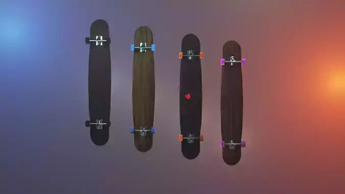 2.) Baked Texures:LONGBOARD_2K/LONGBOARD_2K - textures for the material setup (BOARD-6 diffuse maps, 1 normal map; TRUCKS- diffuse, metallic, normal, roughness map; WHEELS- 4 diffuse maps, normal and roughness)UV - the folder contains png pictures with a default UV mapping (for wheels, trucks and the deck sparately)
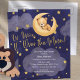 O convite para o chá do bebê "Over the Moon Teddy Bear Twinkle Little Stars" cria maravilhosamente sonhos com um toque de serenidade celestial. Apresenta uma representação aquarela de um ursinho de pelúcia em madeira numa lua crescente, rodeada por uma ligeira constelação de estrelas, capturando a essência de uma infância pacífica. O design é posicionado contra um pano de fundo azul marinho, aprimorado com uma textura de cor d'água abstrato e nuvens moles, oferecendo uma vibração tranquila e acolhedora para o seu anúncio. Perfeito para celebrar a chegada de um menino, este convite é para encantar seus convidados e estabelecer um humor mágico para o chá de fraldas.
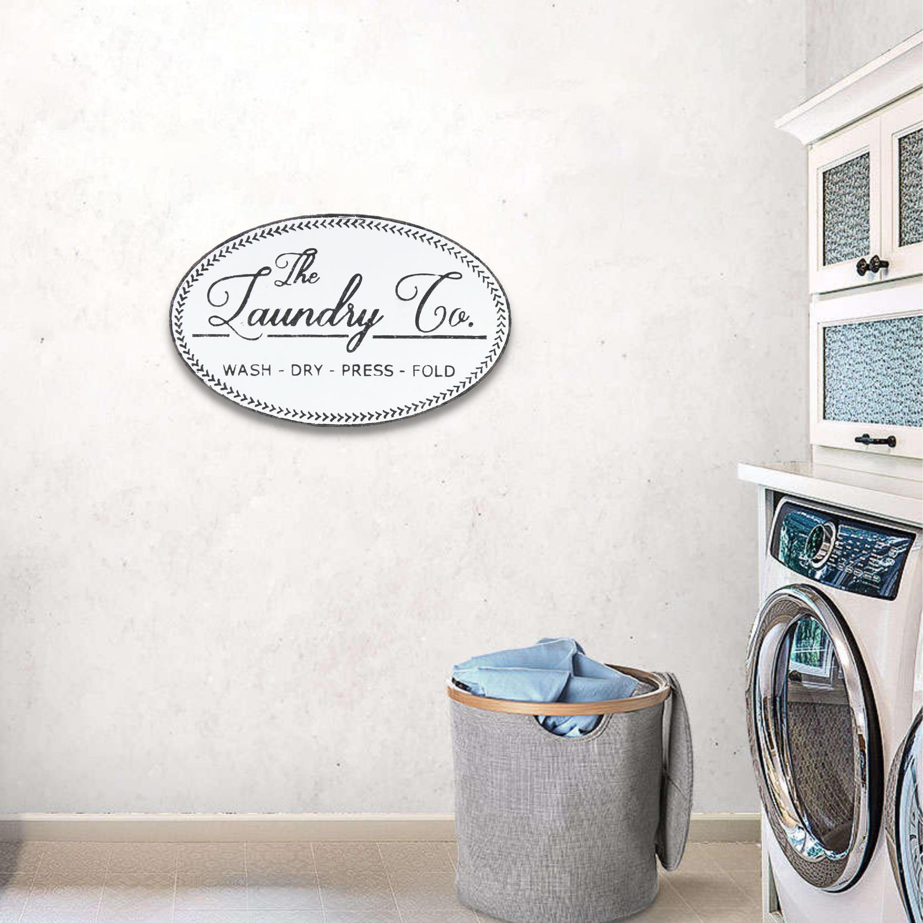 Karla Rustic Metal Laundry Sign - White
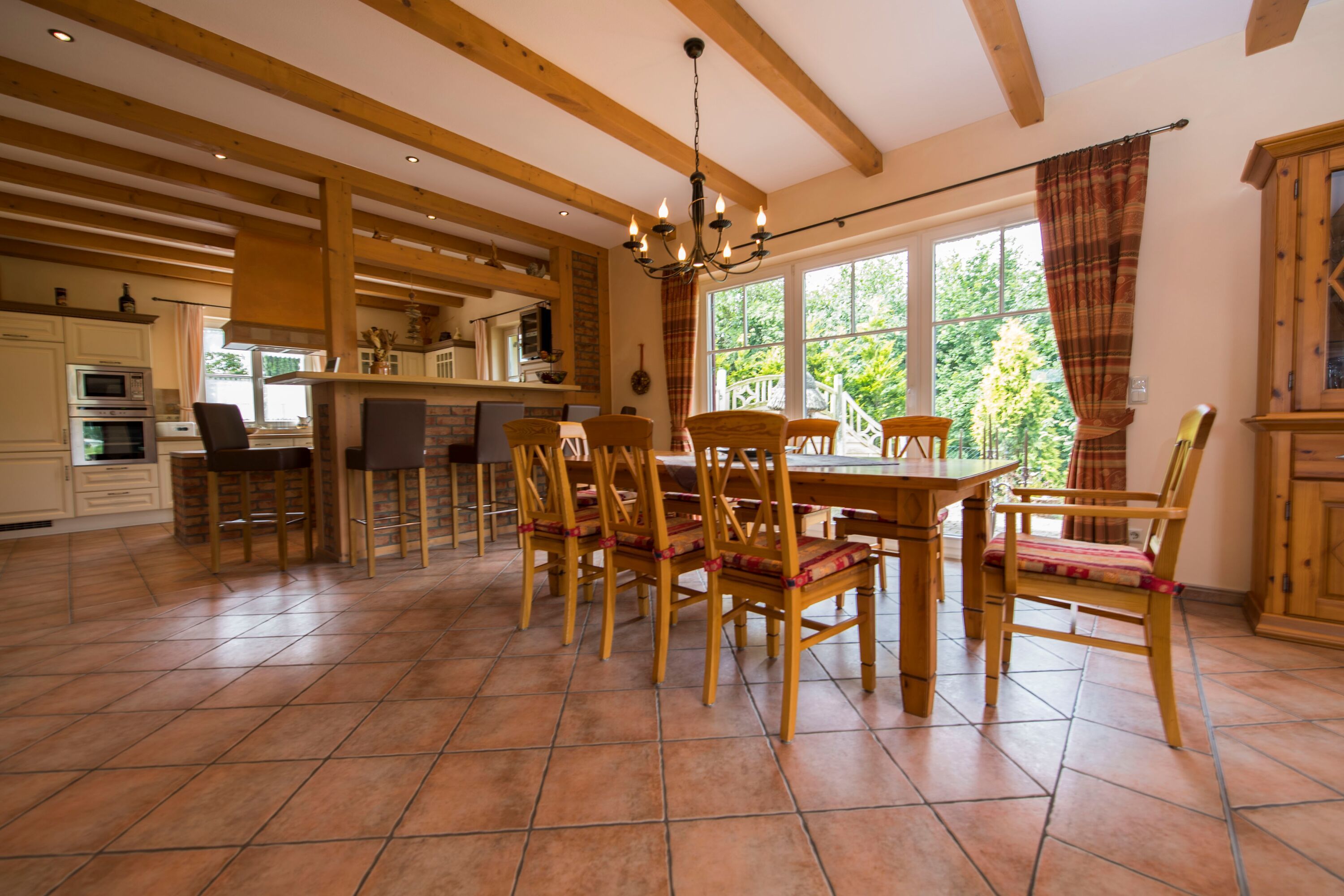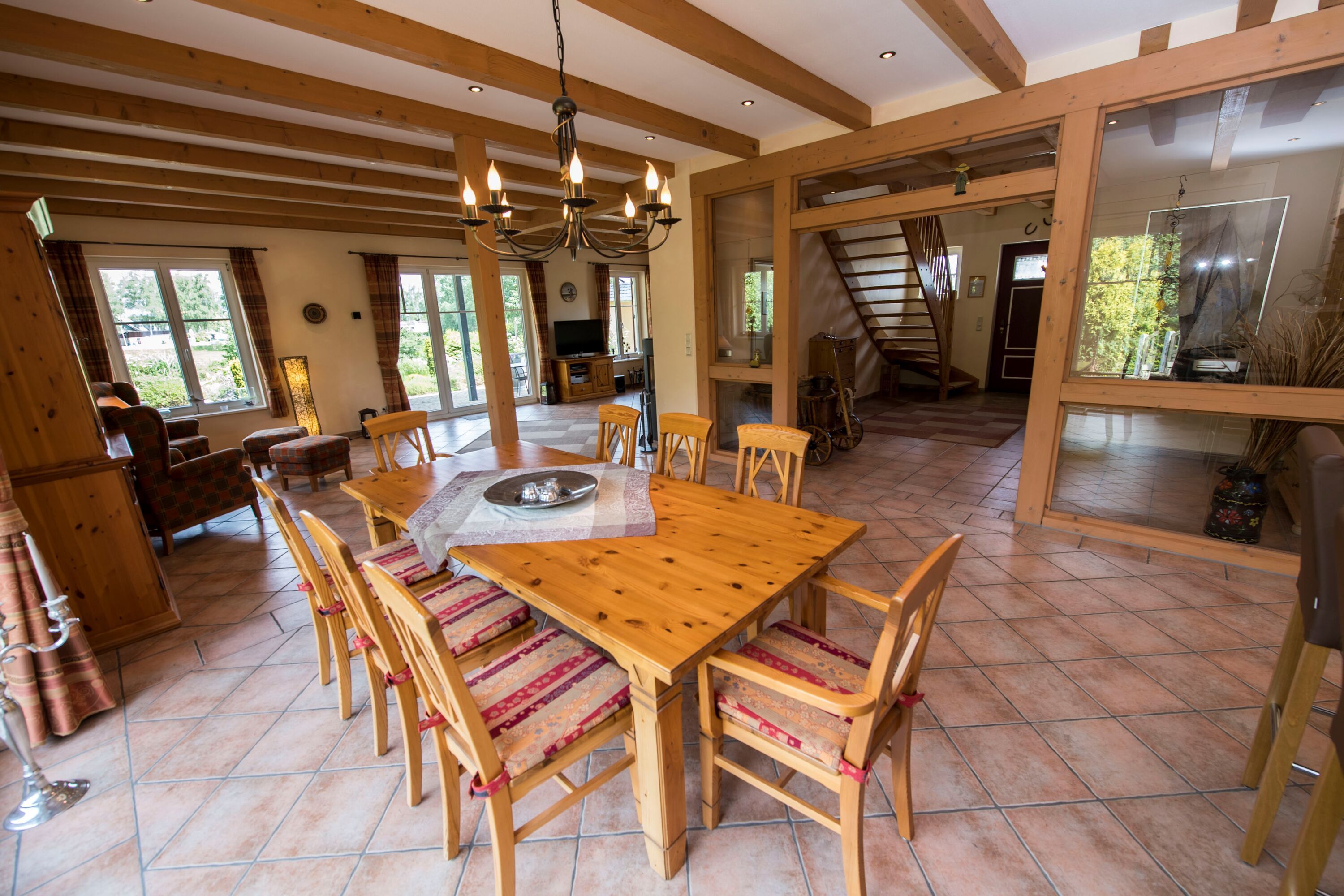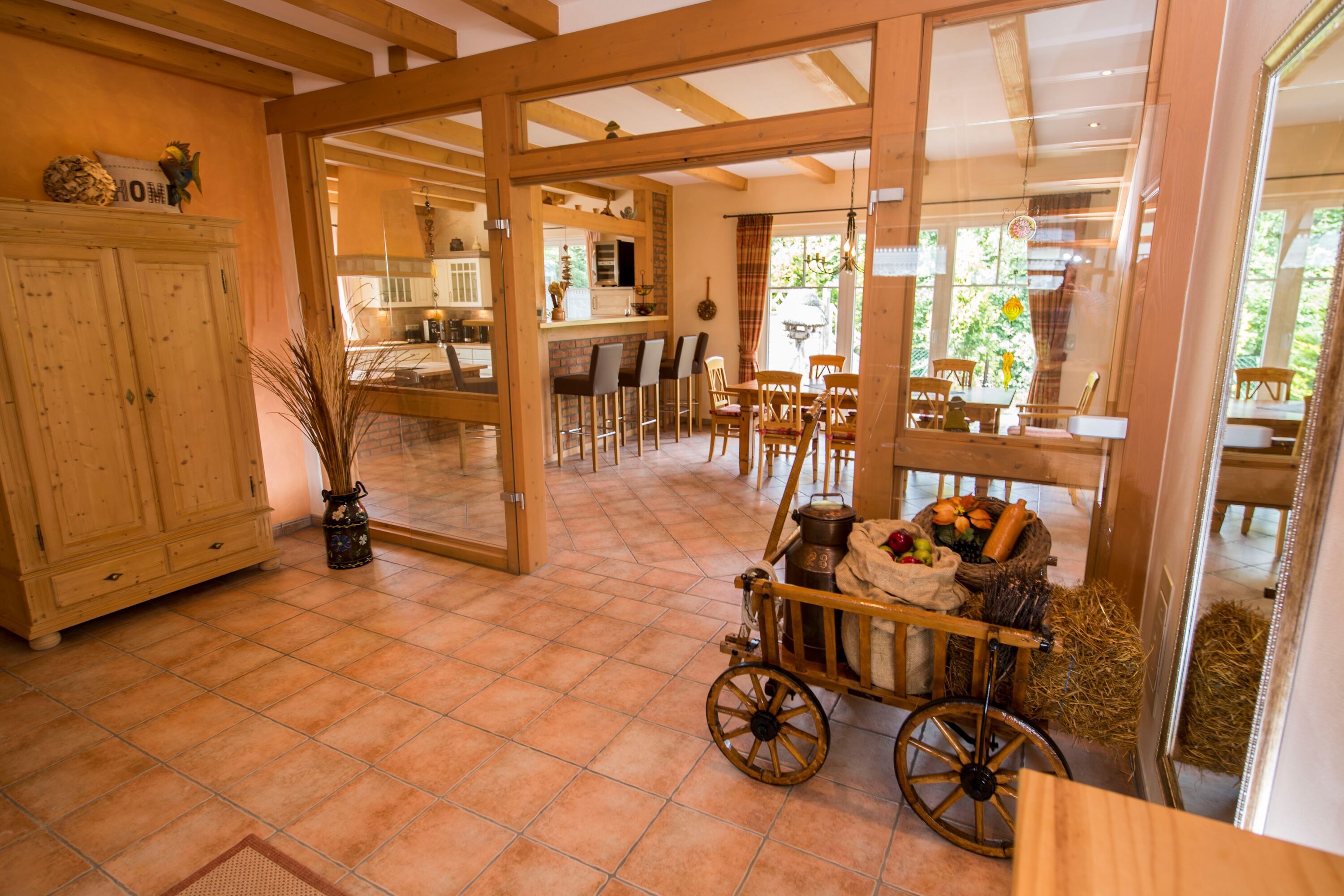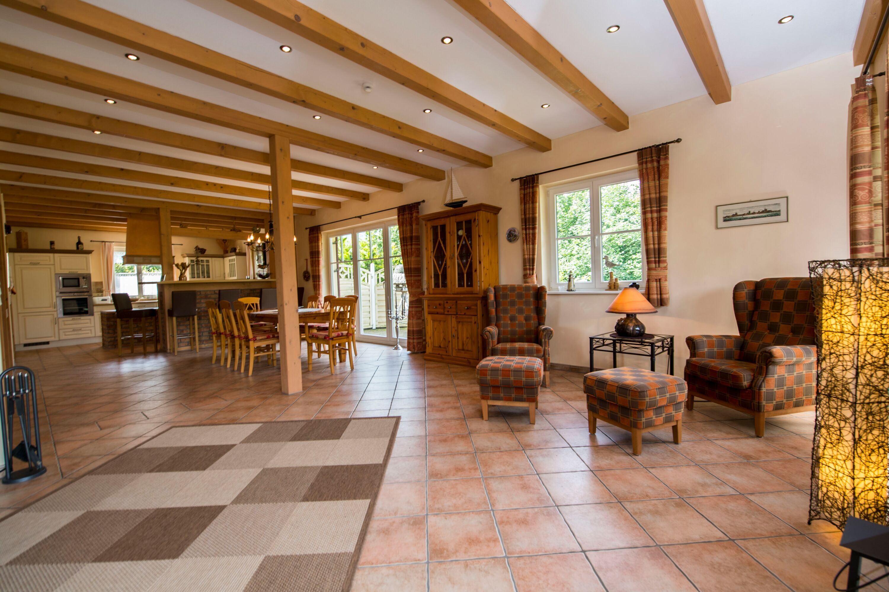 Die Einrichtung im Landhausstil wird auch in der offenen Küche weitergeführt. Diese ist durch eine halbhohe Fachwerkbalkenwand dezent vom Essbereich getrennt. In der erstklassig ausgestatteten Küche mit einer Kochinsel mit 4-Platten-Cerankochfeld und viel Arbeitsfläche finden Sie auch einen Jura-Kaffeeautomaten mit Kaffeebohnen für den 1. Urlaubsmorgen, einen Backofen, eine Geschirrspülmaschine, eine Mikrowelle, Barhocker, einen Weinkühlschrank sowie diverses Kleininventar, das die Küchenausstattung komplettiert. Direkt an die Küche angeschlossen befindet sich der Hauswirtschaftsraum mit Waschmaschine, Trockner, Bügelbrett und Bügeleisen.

☆ ☆ ☆ ☆ ☆

Exercise description –
Reproduce exactly the lines of the data above that run from the line with "O convite para" down to the line with "Karla Rustic Metal Laundry Sign - White", both ends included. Pictures do not belong in the copy.

Answer below –
 O convite para o chá do bebê "Over the Moon Teddy Bear Twinkle Little Stars" cria maravilhosamente sonhos com um toque de serenidade celestial. Apresenta uma representação aquarela de um ursinho de pelúcia em madeira numa lua crescente, rodeada por uma ligeira constelação de estrelas, capturando a essência de uma infância pacífica. O design é posicionado contra um pano de fundo azul marinho, aprimorado com uma textura de cor d'água abstrato e nuvens moles, oferecendo uma vibração tranquila e acolhedora para o seu anúncio. Perfeito para celebrar a chegada de um menino, este convite é para encantar seus convidados e estabelecer um humor mágico para o chá de fraldas.
 Karla Rustic Metal Laundry Sign - White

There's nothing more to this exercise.